Task to carry out | Only the lines below starting at the one containing "Значительная часть продукции" and ending at the one containing "ле и технике." belong in the answer, each copied exactly.

Records for the exercise |
========================================
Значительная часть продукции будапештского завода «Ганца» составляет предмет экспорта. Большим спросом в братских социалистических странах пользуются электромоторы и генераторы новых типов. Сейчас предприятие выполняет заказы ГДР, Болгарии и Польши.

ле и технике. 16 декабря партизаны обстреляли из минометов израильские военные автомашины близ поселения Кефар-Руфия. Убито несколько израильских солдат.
========================================
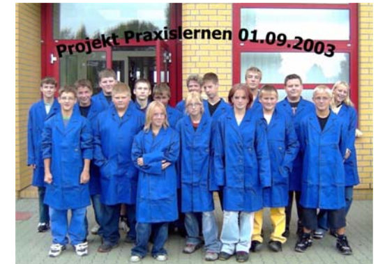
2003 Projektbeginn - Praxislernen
========================================
Response |
Значительная часть продукции будапештского завода «Ганца» составляет предмет экспорта. Большим спросом в братских социалистических странах пользуются электромоторы и генераторы новых типов. Сейчас предприятие выполняет заказы ГДР, Болгарии и Польши.

ле и технике. 16 декабря партизаны обстреляли из минометов израильские военные автомашины близ поселения Кефар-Руфия. Убито несколько израильских солдат.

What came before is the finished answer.